Data records section start
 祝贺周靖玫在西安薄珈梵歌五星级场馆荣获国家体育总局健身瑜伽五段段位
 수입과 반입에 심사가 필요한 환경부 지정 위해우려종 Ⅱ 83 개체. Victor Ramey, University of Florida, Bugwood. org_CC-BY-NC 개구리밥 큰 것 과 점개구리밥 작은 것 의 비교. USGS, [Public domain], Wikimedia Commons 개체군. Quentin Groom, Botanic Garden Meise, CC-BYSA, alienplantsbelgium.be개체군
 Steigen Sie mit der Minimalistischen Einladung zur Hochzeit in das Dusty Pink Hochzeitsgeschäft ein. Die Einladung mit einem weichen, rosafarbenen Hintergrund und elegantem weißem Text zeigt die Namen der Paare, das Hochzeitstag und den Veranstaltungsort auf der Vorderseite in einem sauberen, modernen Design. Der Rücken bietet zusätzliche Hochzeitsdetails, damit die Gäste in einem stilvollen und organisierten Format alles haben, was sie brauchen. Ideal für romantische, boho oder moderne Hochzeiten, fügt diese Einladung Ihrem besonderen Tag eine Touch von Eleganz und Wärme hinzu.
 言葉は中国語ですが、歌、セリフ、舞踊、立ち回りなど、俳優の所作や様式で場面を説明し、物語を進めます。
Data records section end
Data records section start
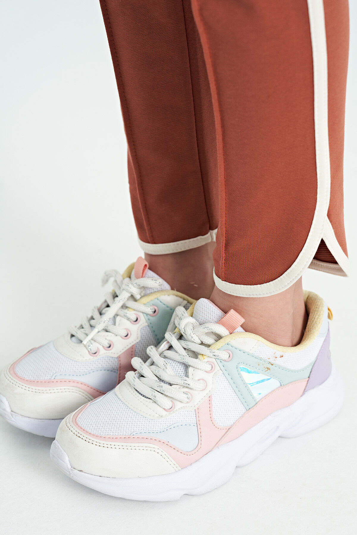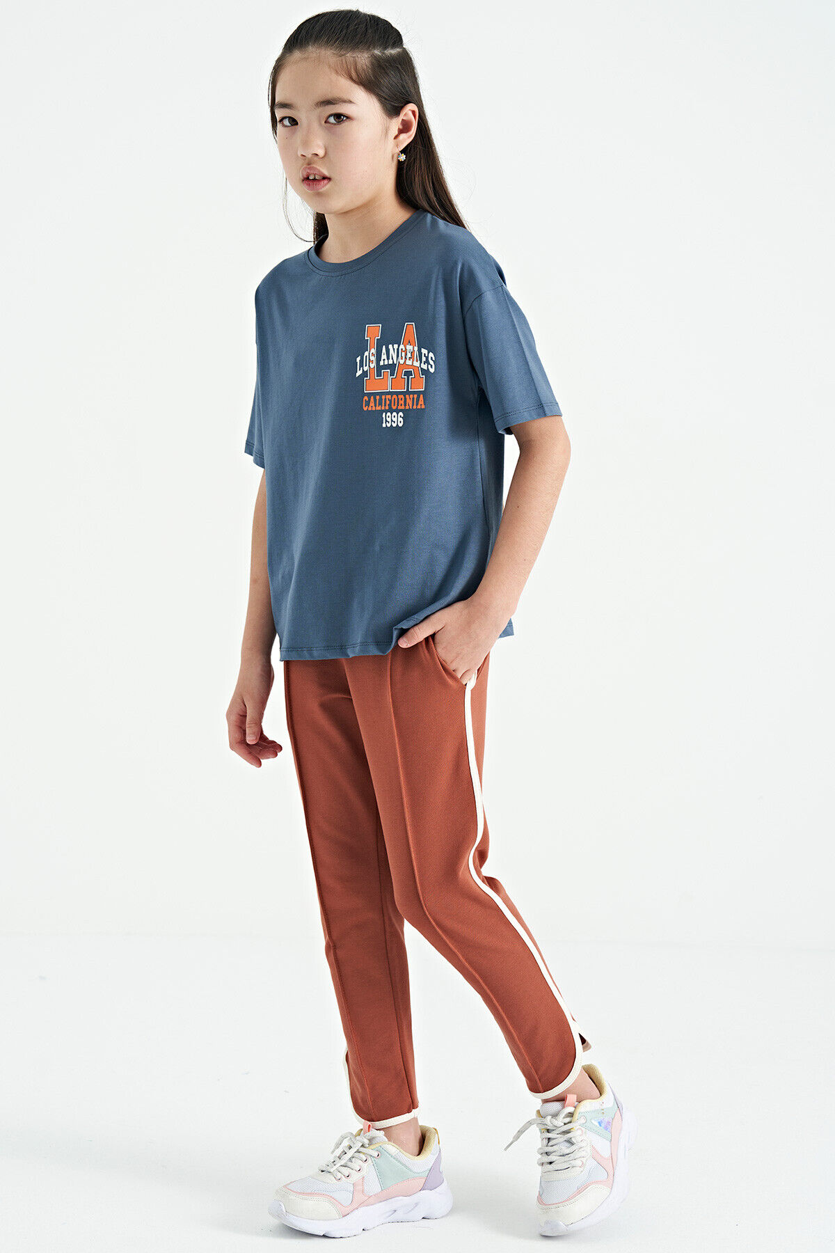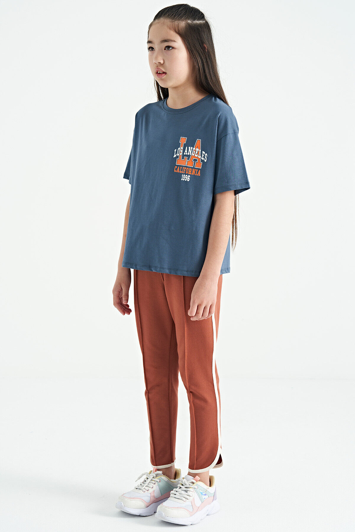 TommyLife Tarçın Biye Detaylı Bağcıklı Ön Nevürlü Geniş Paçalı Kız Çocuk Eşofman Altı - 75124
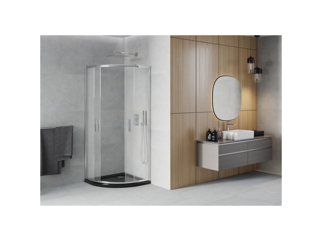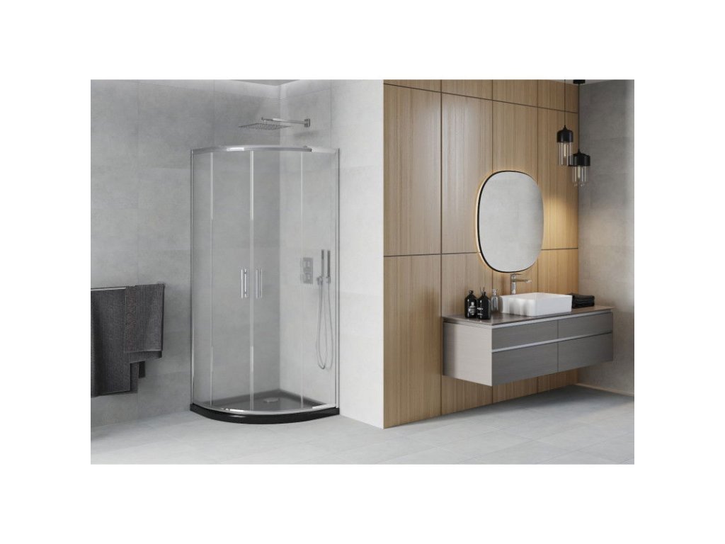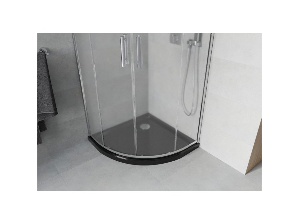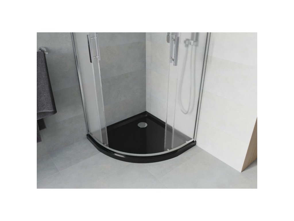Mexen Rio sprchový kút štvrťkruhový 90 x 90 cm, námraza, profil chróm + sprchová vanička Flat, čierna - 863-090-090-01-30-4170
Data records section end
Data records section start
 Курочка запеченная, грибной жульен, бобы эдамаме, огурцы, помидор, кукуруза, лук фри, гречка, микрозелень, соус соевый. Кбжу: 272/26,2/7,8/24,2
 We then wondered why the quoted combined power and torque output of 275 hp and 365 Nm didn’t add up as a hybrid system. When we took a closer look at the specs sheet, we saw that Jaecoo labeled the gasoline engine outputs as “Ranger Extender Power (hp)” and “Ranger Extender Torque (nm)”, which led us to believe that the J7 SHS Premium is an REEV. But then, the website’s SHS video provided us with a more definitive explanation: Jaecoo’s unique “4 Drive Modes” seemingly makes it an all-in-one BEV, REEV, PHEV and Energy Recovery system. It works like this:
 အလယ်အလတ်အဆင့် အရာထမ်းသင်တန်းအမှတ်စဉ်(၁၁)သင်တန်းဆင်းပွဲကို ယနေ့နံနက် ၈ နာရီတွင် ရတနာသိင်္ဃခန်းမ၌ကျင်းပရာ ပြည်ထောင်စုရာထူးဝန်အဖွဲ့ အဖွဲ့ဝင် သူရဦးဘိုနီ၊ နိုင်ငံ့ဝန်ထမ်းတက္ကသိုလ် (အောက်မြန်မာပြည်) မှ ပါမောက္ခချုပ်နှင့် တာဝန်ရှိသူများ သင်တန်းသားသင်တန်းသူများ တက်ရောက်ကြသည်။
Data records section end
- **Required work**
Reproduce verbatim only the segment of the listing bounded by the line containing "Steigen Sie mit" and the line containing "言葉は中国語ですが、歌、セリ", with both boundary lines included.

- **Answer to the exercise**
 Steigen Sie mit der Minimalistischen Einladung zur Hochzeit in das Dusty Pink Hochzeitsgeschäft ein. Die Einladung mit einem weichen, rosafarbenen Hintergrund und elegantem weißem Text zeigt die Namen der Paare, das Hochzeitstag und den Veranstaltungsort auf der Vorderseite in einem sauberen, modernen Design. Der Rücken bietet zusätzliche Hochzeitsdetails, damit die Gäste in einem stilvollen und organisierten Format alles haben, was sie brauchen. Ideal für romantische, boho oder moderne Hochzeiten, fügt diese Einladung Ihrem besonderen Tag eine Touch von Eleganz und Wärme hinzu.
 言葉は中国語ですが、歌、セリフ、舞踊、立ち回りなど、俳優の所作や様式で場面を説明し、物語を進めます。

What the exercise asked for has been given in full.